WHAT THIS TASK INVOLVES —
Without including the pictures, copy each line below exactly as it reads.

DATA EXTRACT —
═══

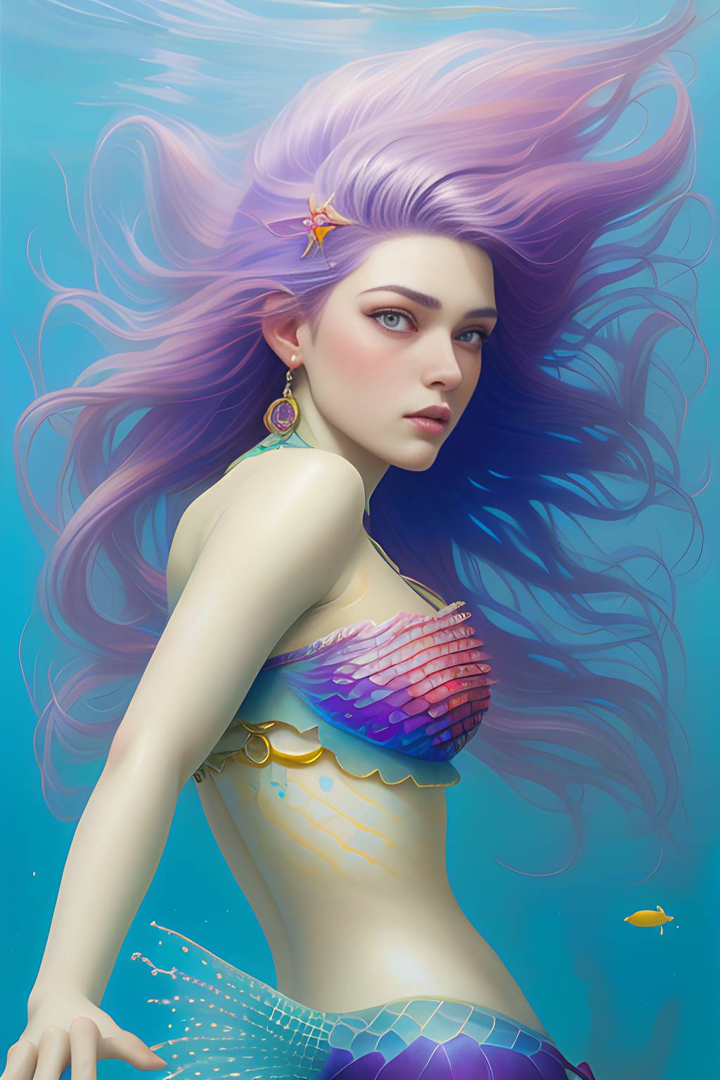 Лис краем глаза наблюдала за одной. Русалка плыла рядом в футах десяти от неё, и девушка могла изучить свою преследовательницу. Бледная кожа, зелёные глаза, высокие скулы и фиолетовые длинные волосы под стать хвосту. Она казалась чужой среди бездушных существ.
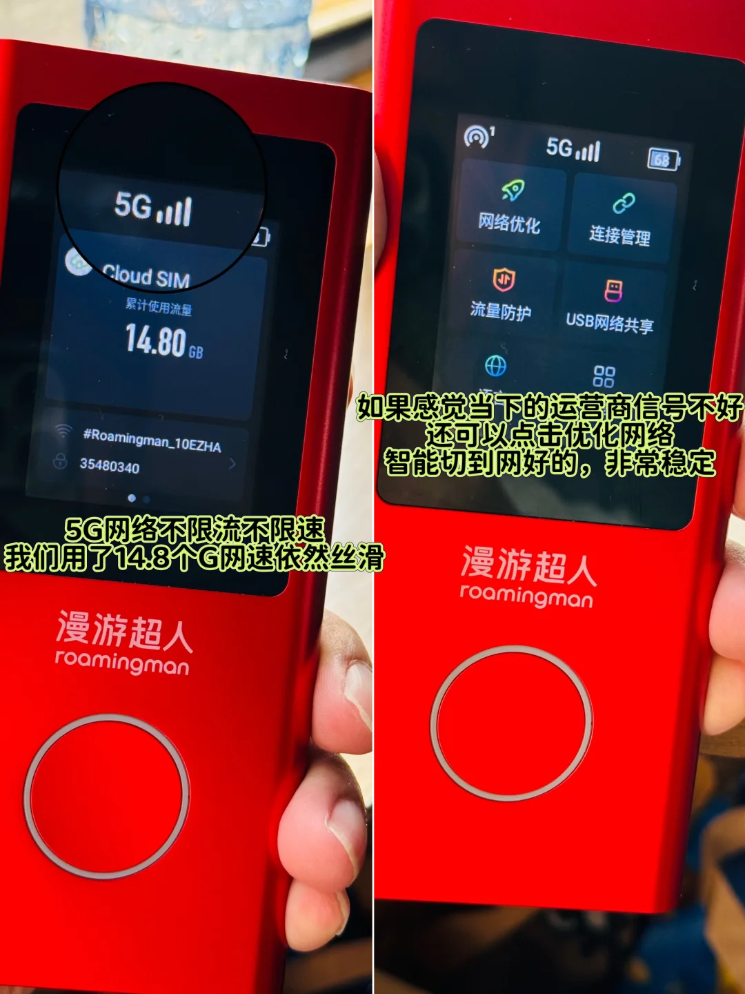 特别是我这次申根区与非申根区来回进出,电话卡就不方便了!用它完全不需要换卡,各个国家之间无缝连接,欧洲有很多运营商,如果感觉当下运营商信号不好,还可以点优化网络,智能切到网最好的,非常稳定!一台可以多人多台设备连接,分摊费用很划算
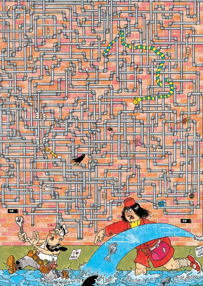 I Jan van Haasterens expertserie får vi följa 1-2 kända karaktärer ur Van Haasteren-familjen på egna små knepiga äventyr. Varje pussel är extra klurigt med många snarlika bitar. Den här gången tycks det vara en läcka någon stans, men vart?!

═══

ANSWER SPACE —
 Лис краем глаза наблюдала за одной. Русалка плыла рядом в футах десяти от неё, и девушка могла изучить свою преследовательницу. Бледная кожа, зелёные глаза, высокие скулы и фиолетовые длинные волосы под стать хвосту. Она казалась чужой среди бездушных существ.
 特别是我这次申根区与非申根区来回进出,电话卡就不方便了!用它完全不需要换卡,各个国家之间无缝连接,欧洲有很多运营商,如果感觉当下运营商信号不好,还可以点优化网络,智能切到网最好的,非常稳定!一台可以多人多台设备连接,分摊费用很划算
 I Jan van Haasterens expertserie får vi följa 1-2 kända karaktärer ur Van Haasteren-familjen på egna små knepiga äventyr. Varje pussel är extra klurigt med många snarlika bitar. Den här gången tycks det vara en läcka någon stans, men vart?!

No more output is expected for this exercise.